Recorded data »
»»
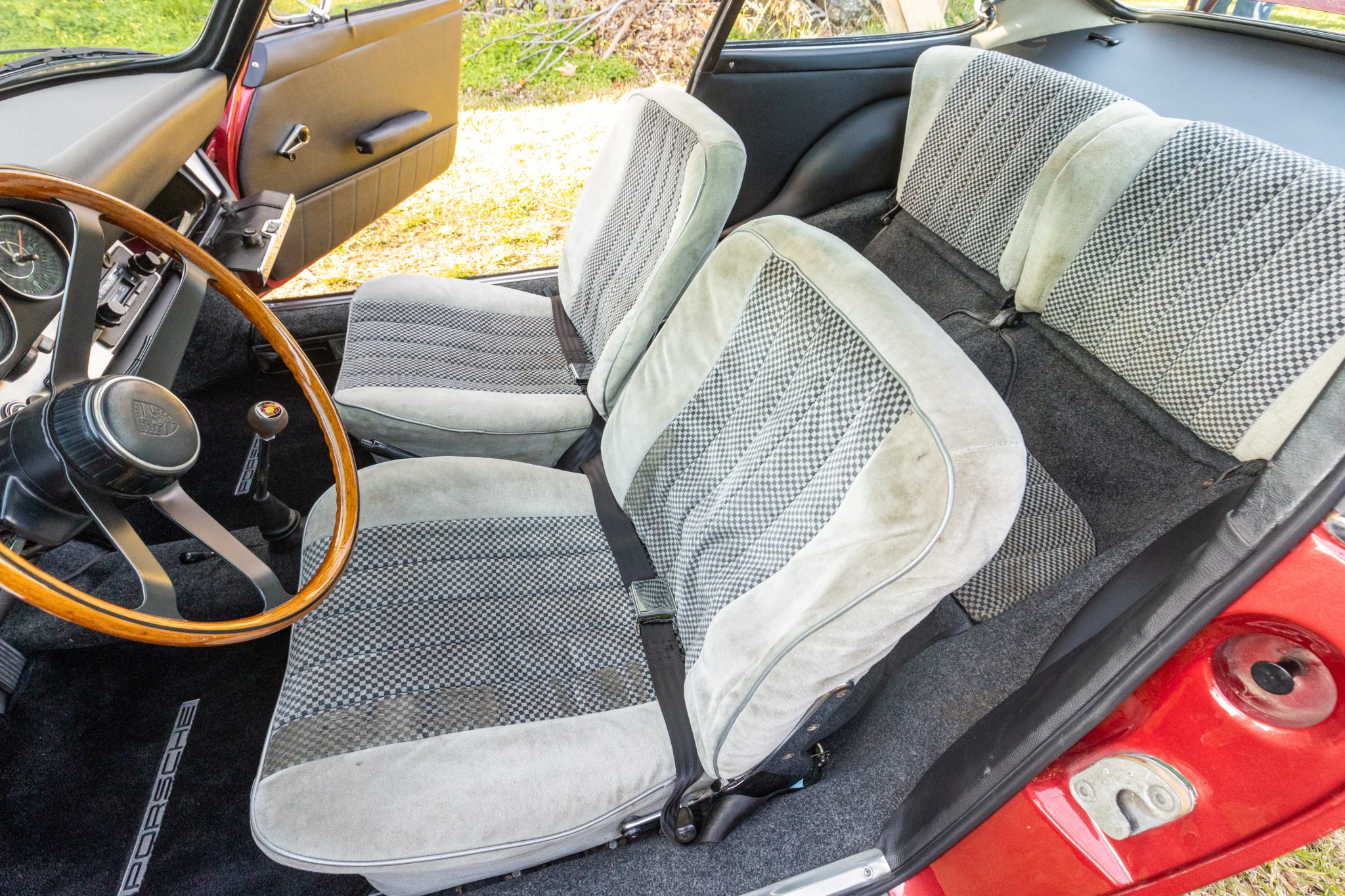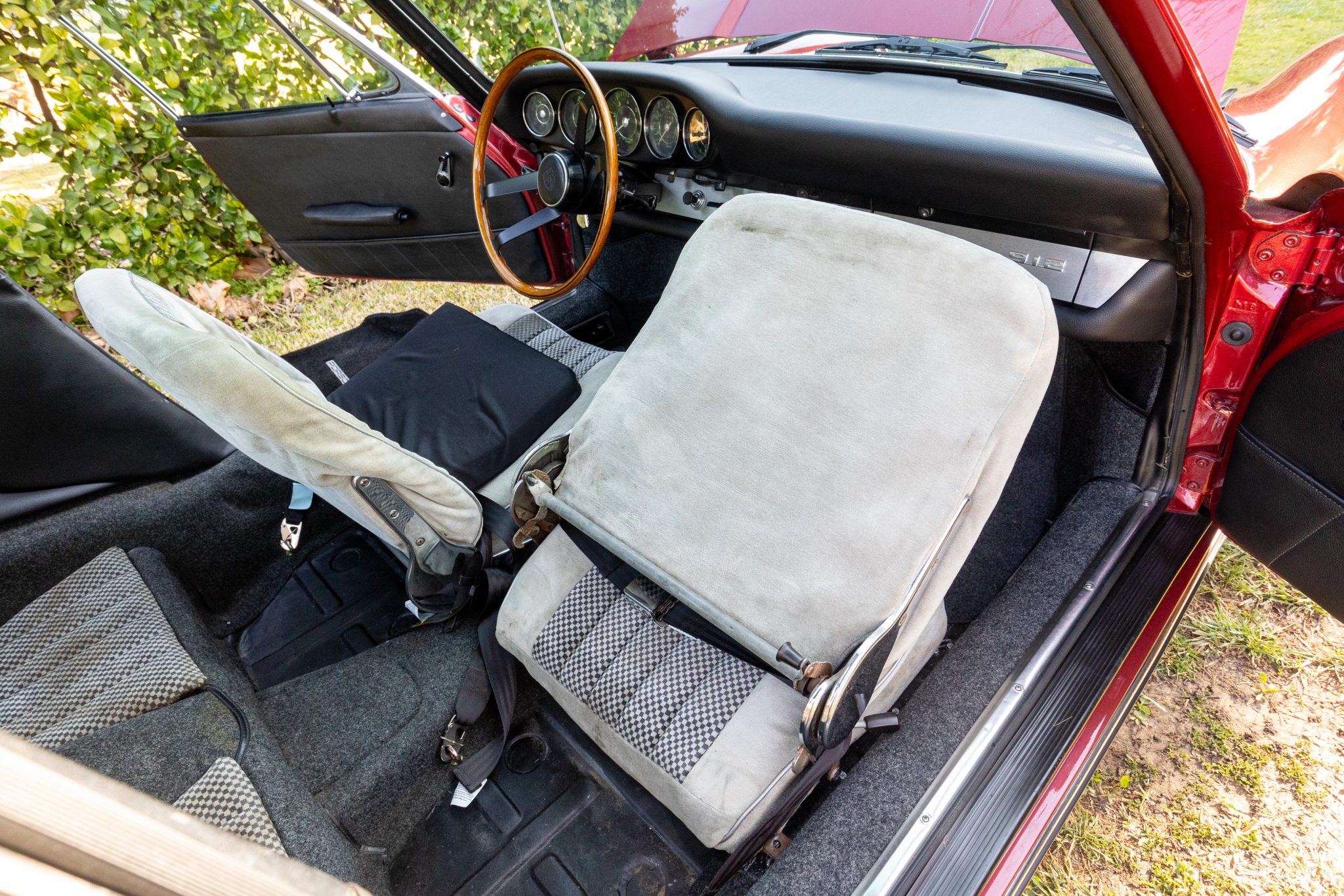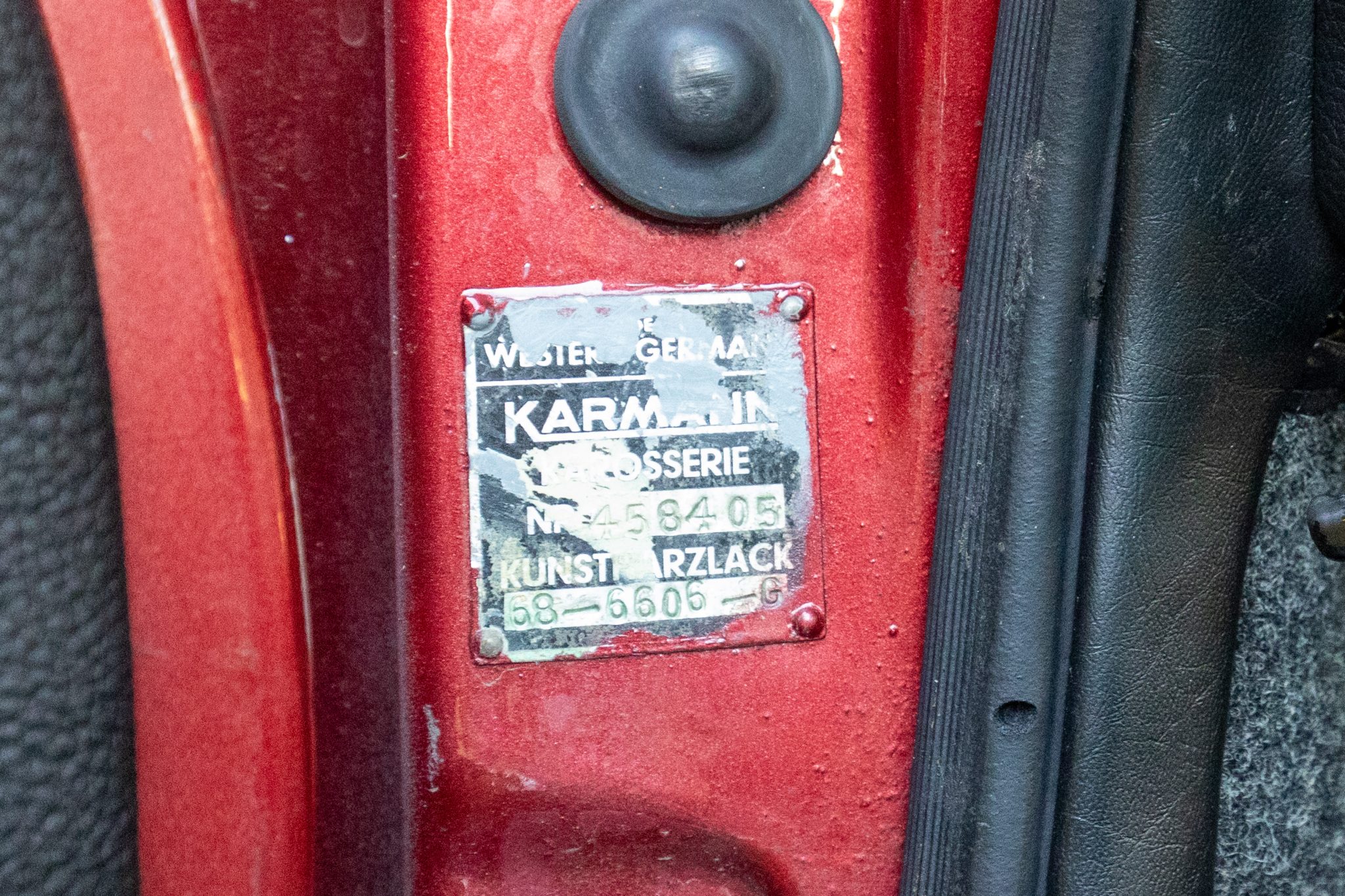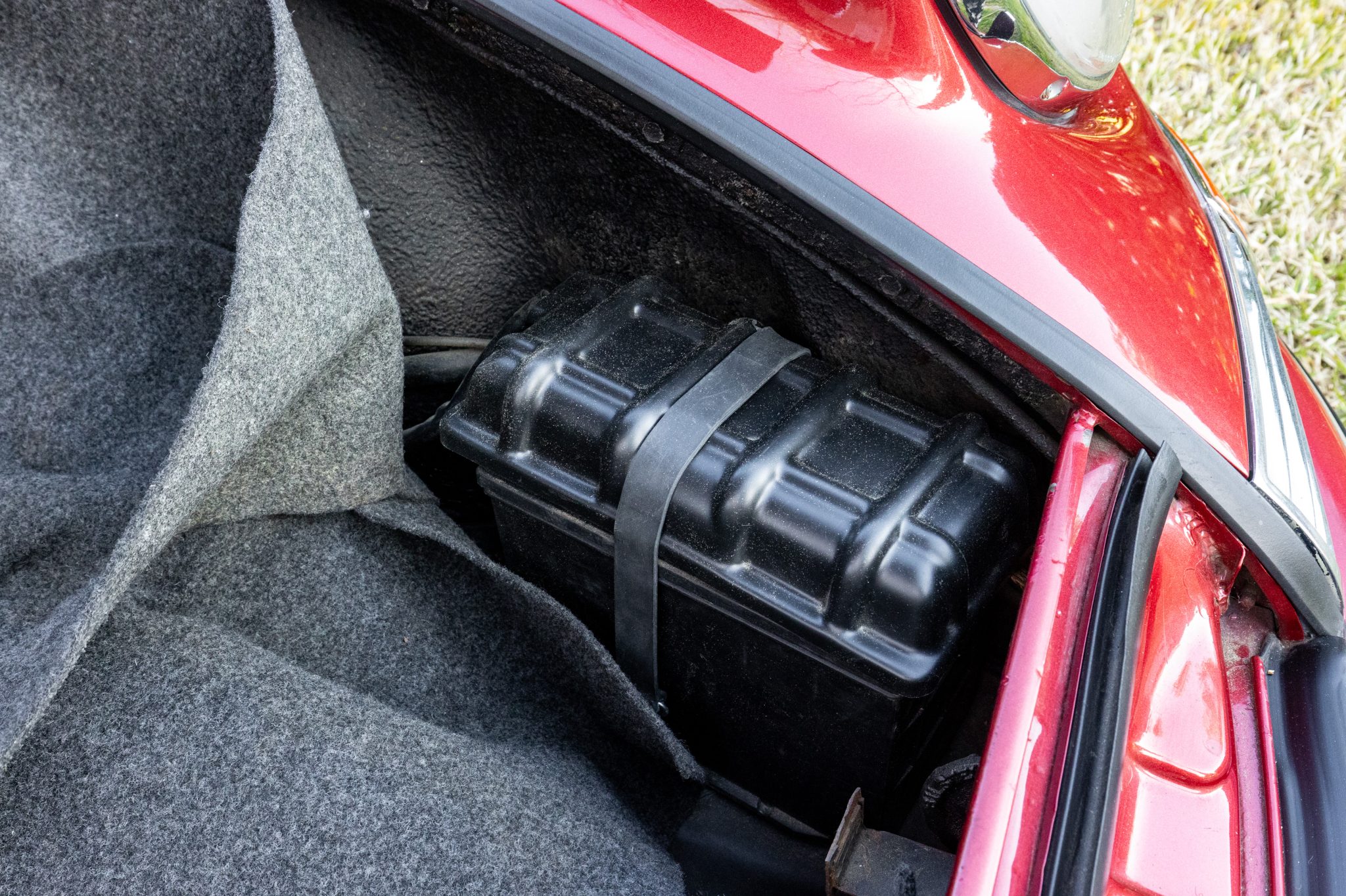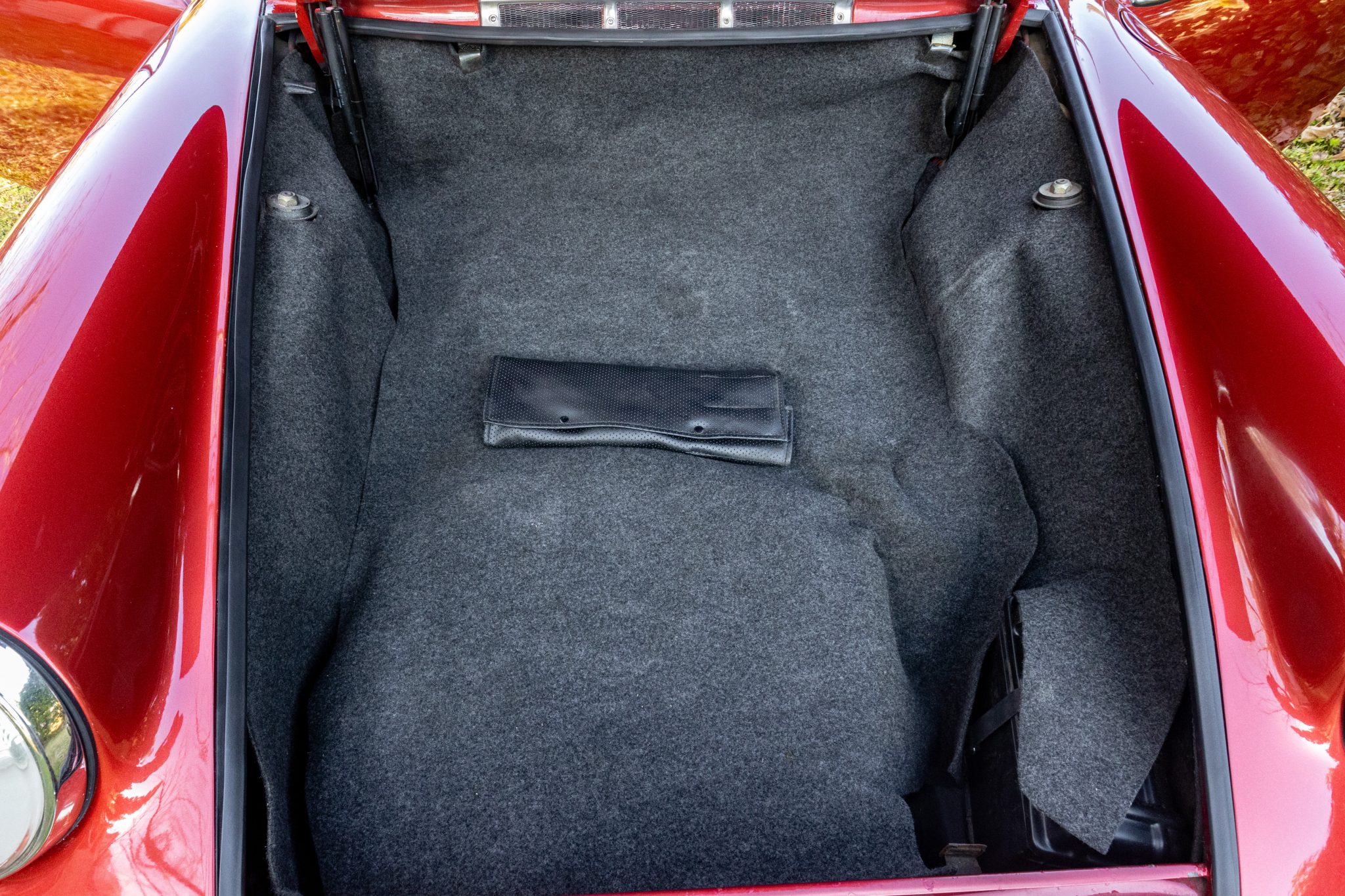 Between 2009 and 2017 the car was refurbished, which included repainting the body metallic red, refreshing the interior, overhauling the brakes, and mounting Continental tires on the chrome 15″ wheels. In 2025 the seller had the engine rebuilt with 1.8-liter pistons and cylinders, overhauled heads, and replacement carburetors.
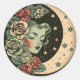 Sticker Rond Retro Art Déco Green Crescent Lady Lune Lune
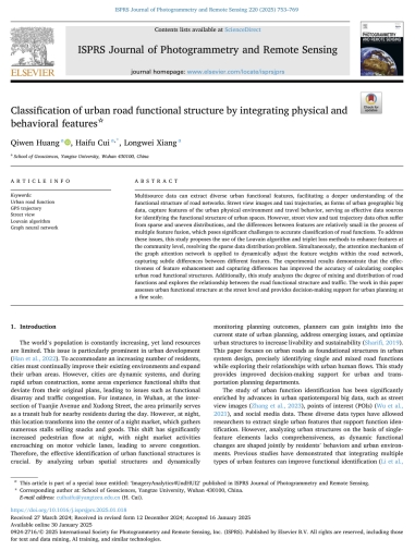 (通讯员 崔海福)近日,太阳成tyc33455ccwww地理信息科学专业2020级员工黄麒文在中科院一区TOP期刊《ISPRS Journal of Photogrammetry and Remote Sensing》(IF=10.6)发表题为“Classification of urban road functional structure by integrating physical and behavioral features”的研究论文。太阳成tyc33455ccwww为论文第一署名单位,员工黄麒文为论文第一作者,其导师崔海福博士为通讯作者。
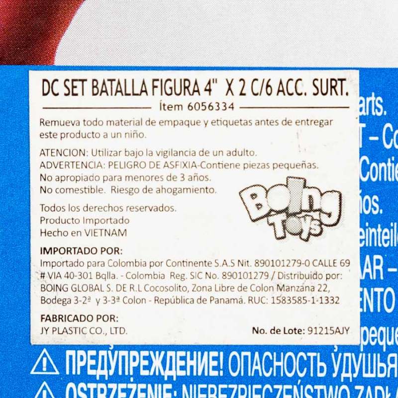 Set de batalla de figuras DC con accesorios - Puede variar el modelo, color y diseño enviado - Edad recomendada 3 años en adelante - PRODUCTO SURTIDO SE VENDE POR SEPARADO Los productos marcados como 'PRODUCTO SURTIDO' pueden no ser idénticos a los que aparecen publicados en las imágenes. Las imágenes son ilustrativas. Al comprar un producto identificado como producto surtido, aceptas que podrás recibir un producto con características y atributos tangibles diferentes a los que aparecen en las imágenes del sitio o la publicidad. Los productos surtidos mantendrán las propiedades físicas, químicas y técnicas necesarias para su funcionamiento y uso de acuerdo a su naturaleza.
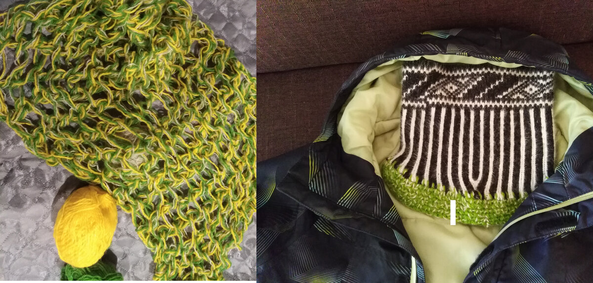 1. Снуд без крючка и спиц Снуд — это вид шарфа. Он сшит или связан по кругу, не имеет ни начала, ни конца, поэтому его еще называют «бесконечный шарф» " У меня вариант похож на рыбацкую сеть. Для такого шарфика нужна толстая объёмная пряжа. Я использовала три вида пряжи, правда не пушистые. Все они мягкие, но тонкие - поэтому я их объединила. Утепляемся к осени-зиме без знаний о вязании. Но если знания в наличии - будет еще легче.Плести/ вязать в такой манере оправданно быстро и уходит пряжи - приблизительно 150 грамм (представленная пряжа вместе весит 300 грамм, шарф близок к кону - ушла половина)
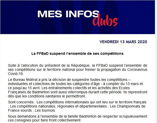 Le Bureau fédéral a pris la décision de suspendre toutes les compétitions – individuelles et collectives de toutes les catégories d’âge - à compter du 13 mars et ce jusqu’au 15 avril. Les entraînements collectifs et les activités des Ecoles Françaises de Badminton sont aussi interrompus durant cette période. Ils reprendront dès que les conditions sanitaires le permettront.
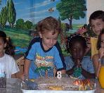 Ferias, das 47 crianças inscritas para participar tivemos entre 15 a 40 crianças todos os dias. Infelizmente nossos alunos estavam se preparando para a Conferencia—um dia especial para os pais mul- çumanos que é quando seus filhos recitam os versos do Alcorão publicamente, então a maior parte das crianças estavam ensaian- do para isto. A ansiedade de cada dia era grande para saber quan- tas crianças apareceriam para ouvir a palavra de Deus. O tema foi « Aventuras de Paulo 3D ». -
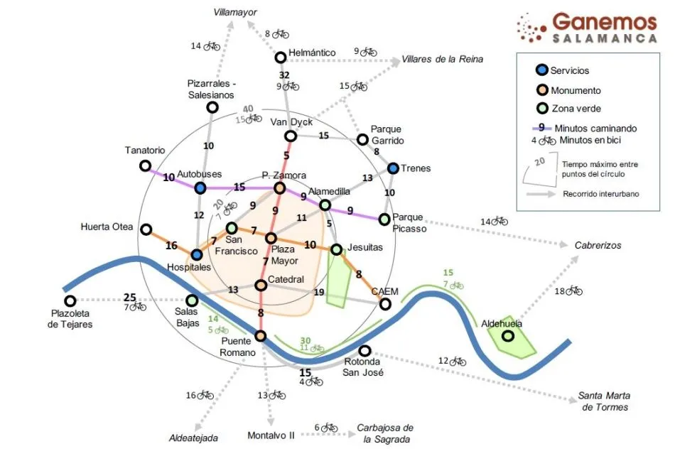 Salamanca es una ciudad para caminarla o para recorrerla en bici y, por eso, Ganemos defiende la creación de rutas de movilidad que potencien estos hábitos. Es el caso de las rutas escolares seguras, un asunto por el momento ?olvidado en el cajón del alcalde?, o la creación del llamado ?metro-minuto?,un plano elaborado por el equipo técnico de Ganemos que recoge los tiempos de los trayectos entre los principales puntos de la ciudad, tanto si son realizados a pie como en bicicleta.
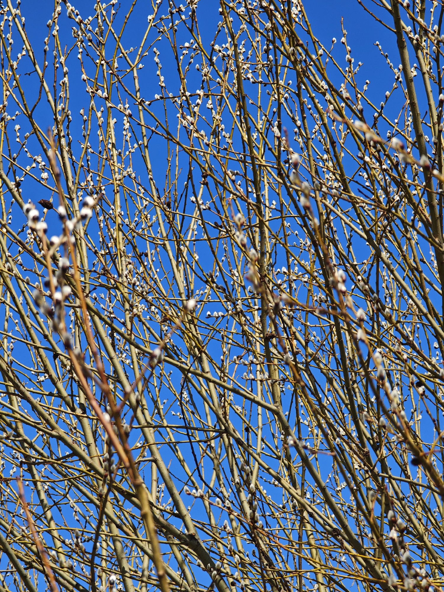 dense network of bare branches against a bright blue sky. Small, white, fuzzy buds are visible on many of the branches. The location is speculated to be in the city of Chaikovsky, Russia, but there is no concrete evidence to support this claim from the image itself. There are no people visible in the image. The primary subjects are the branches and buds of a tree or shrub. The branches are intertwined and create a complex pattern. The environment is a clear, sunny day with a cloudless sky.
««
ASSIGNED TASK »
Only the lines from where the data begins to the line with "Set de batalla", both of them included, should be reproduced word for word; no pictures.

OUTPUT OF THE TASK »
 Between 2009 and 2017 the car was refurbished, which included repainting the body metallic red, refreshing the interior, overhauling the brakes, and mounting Continental tires on the chrome 15″ wheels. In 2025 the seller had the engine rebuilt with 1.8-liter pistons and cylinders, overhauled heads, and replacement carburetors.
 Sticker Rond Retro Art Déco Green Crescent Lady Lune Lune
 (通讯员 崔海福)近日,太阳成tyc33455ccwww地理信息科学专业2020级员工黄麒文在中科院一区TOP期刊《ISPRS Journal of Photogrammetry and Remote Sensing》(IF=10.6)发表题为“Classification of urban road functional structure by integrating physical and behavioral features”的研究论文。太阳成tyc33455ccwww为论文第一署名单位,员工黄麒文为论文第一作者,其导师崔海福博士为通讯作者。
 Set de batalla de figuras DC con accesorios - Puede variar el modelo, color y diseño enviado - Edad recomendada 3 años en adelante - PRODUCTO SURTIDO SE VENDE POR SEPARADO Los productos marcados como 'PRODUCTO SURTIDO' pueden no ser idénticos a los que aparecen publicados en las imágenes. Las imágenes son ilustrativas. Al comprar un producto identificado como producto surtido, aceptas que podrás recibir un producto con características y atributos tangibles diferentes a los que aparecen en las imágenes del sitio o la publicidad. Los productos surtidos mantendrán las propiedades físicas, químicas y técnicas necesarias para su funcionamiento y uso de acuerdo a su naturaleza.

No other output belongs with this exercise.